PROBLEM TO SOLVE »
With the pictures removed, write out the data below exactly.

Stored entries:

------------

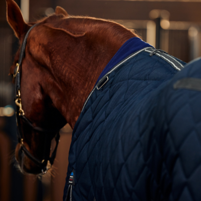 The diamond quilted 1000 denier outer delivers exceptional durability and protection, while the 220g polyfill offers superior warmth with a sleek, polished appearance. Thoughtful details like the Cozi-Cuff neck collar and memory foam wither relief pad enhance comfort by minimising rubbing and pressure, ensuring long-lasting wearability in the stable.
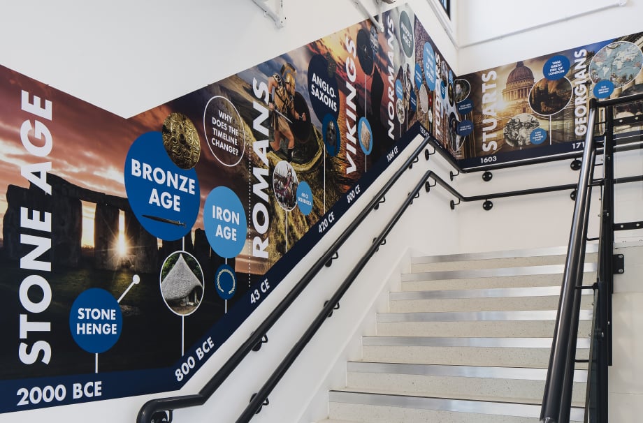 Some of our favourite History timelines include an extra large feature wall for Churchfields Junior School and a beautiful stairwell design for St Matthew’s CofE Primary School.
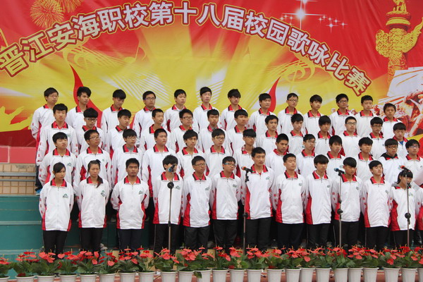 为纪念一二・九学生爱国运动,激发学生的爱国主义热情,充分展示新一代青年学生的精神风貌,营造和谐健康的校园文化氛围,12月9日下午,安海职校在学校体育场举办了第18届校园歌咏比赛。
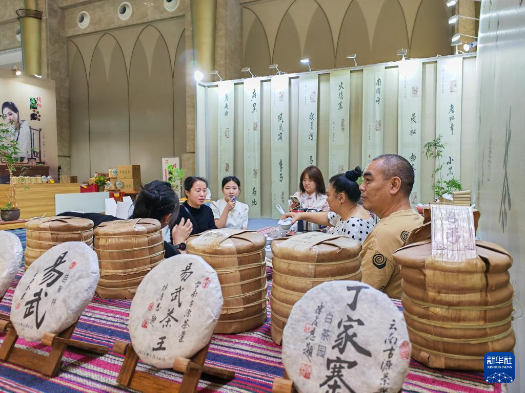 4月19日,參觀者在第十六屆中國云南普洱茶國際博覽交易會上品茶交流。新華社記者 林碧鋒 攝
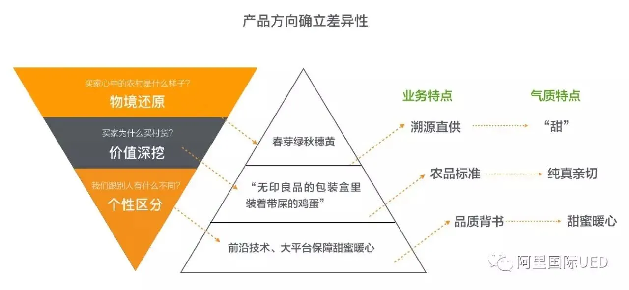 1. 物境还原:买家心中农村是什么样子?2. 价值深挖:买家为什么买村货?3. 个性区分:我们跟别人有什么不同?层层分析确立业务特点与气质特点、产品差异。
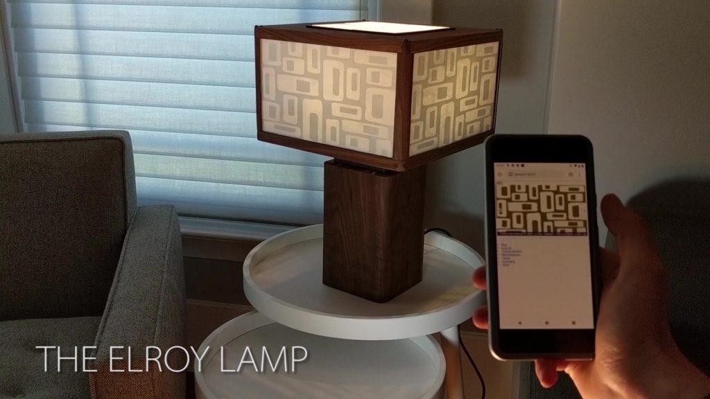 Elroy is a table lamp with a unique feature — the shade can dynamically change, at the swipe of a finger, to a new style or pattern to complement your mood, the time of day, or an event, all from your phone or web browser.
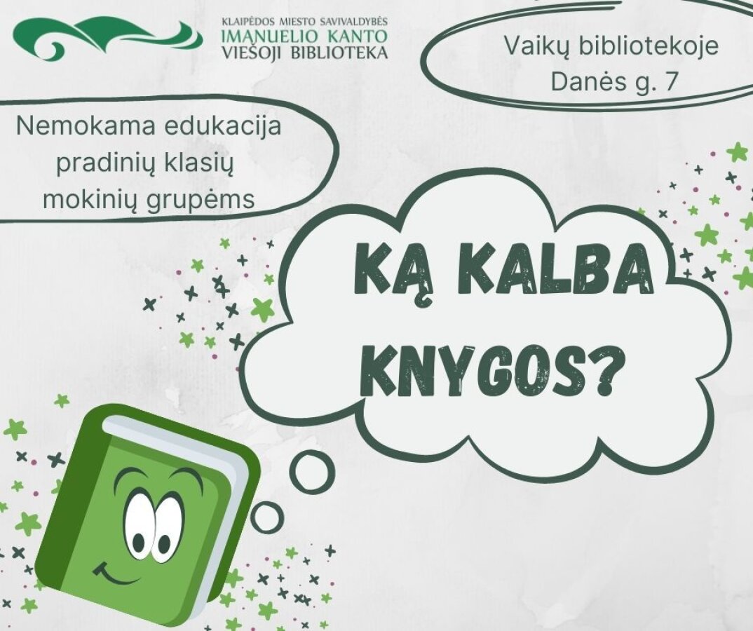 Kovo mėnesį Klaipėdos miesto savivaldybės Imanuelio Kanto viešosios bibliotekos Vaikų padalinyje (Danės g. 7) kviečiame ikimokyklinių ir pradinių klasių mokinių grupes susipažinti, įvertinti naujausias knygas, pasinerti į smagius nuotykius, dalyvaujant nemokamose edukacinėse programose:
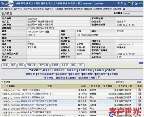 信息整合是CRM系統(tǒng)實現(xiàn)對客戶信息進行管理的基礎,將客戶的各類信息進行關聯(lián),當查詢某個客戶時,與該客戶相關的歷史接觸記錄、交易記錄都可一目了然地展現(xiàn)出來,也可以方便地進行相關信息的及時錄入。(如下圖)
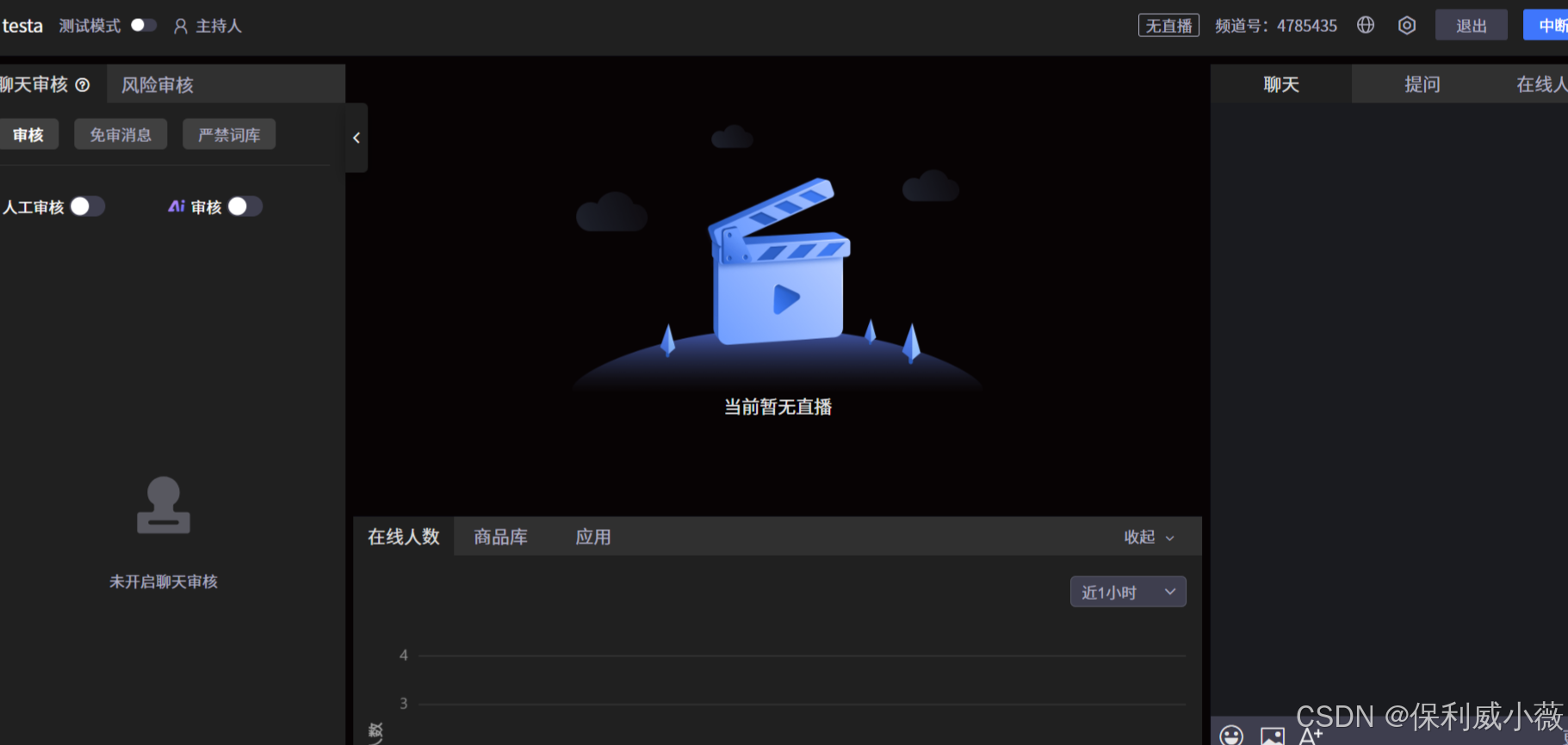 (4)如果是十分严谨的直播,可开启聊天审核功能。聊天审核功能开启后,聊天需要管理员审核后,才会出现在聊天区。
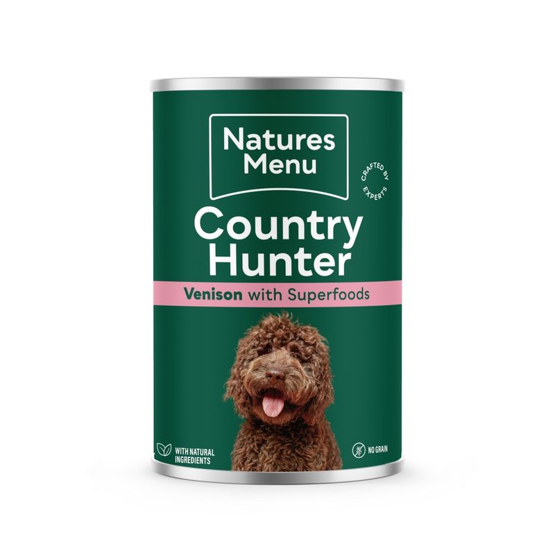 Natures Menu Country Hunter Game Meat Selection Cans are a complete wet dog food.

------------

YOUR RESPONSE »
 The diamond quilted 1000 denier outer delivers exceptional durability and protection, while the 220g polyfill offers superior warmth with a sleek, polished appearance. Thoughtful details like the Cozi-Cuff neck collar and memory foam wither relief pad enhance comfort by minimising rubbing and pressure, ensuring long-lasting wearability in the stable.
 Some of our favourite History timelines include an extra large feature wall for Churchfields Junior School and a beautiful stairwell design for St Matthew’s CofE Primary School.
 为纪念一二・九学生爱国运动,激发学生的爱国主义热情,充分展示新一代青年学生的精神风貌,营造和谐健康的校园文化氛围,12月9日下午,安海职校在学校体育场举办了第18届校园歌咏比赛。
 4月19日,參觀者在第十六屆中國云南普洱茶國際博覽交易會上品茶交流。新華社記者 林碧鋒 攝
 1. 物境还原:买家心中农村是什么样子?2. 价值深挖:买家为什么买村货?3. 个性区分:我们跟别人有什么不同?层层分析确立业务特点与气质特点、产品差异。
 Elroy is a table lamp with a unique feature — the shade can dynamically change, at the swipe of a finger, to a new style or pattern to complement your mood, the time of day, or an event, all from your phone or web browser.
 Kovo mėnesį Klaipėdos miesto savivaldybės Imanuelio Kanto viešosios bibliotekos Vaikų padalinyje (Danės g. 7) kviečiame ikimokyklinių ir pradinių klasių mokinių grupes susipažinti, įvertinti naujausias knygas, pasinerti į smagius nuotykius, dalyvaujant nemokamose edukacinėse programose:
 信息整合是CRM系統(tǒng)實現(xiàn)對客戶信息進行管理的基礎,將客戶的各類信息進行關聯(lián),當查詢某個客戶時,與該客戶相關的歷史接觸記錄、交易記錄都可一目了然地展現(xiàn)出來,也可以方便地進行相關信息的及時錄入。(如下圖)
 (4)如果是十分严谨的直播,可开启聊天审核功能。聊天审核功能开启后,聊天需要管理员审核后,才会出现在聊天区。
 Natures Menu Country Hunter Game Meat Selection Cans are a complete wet dog food.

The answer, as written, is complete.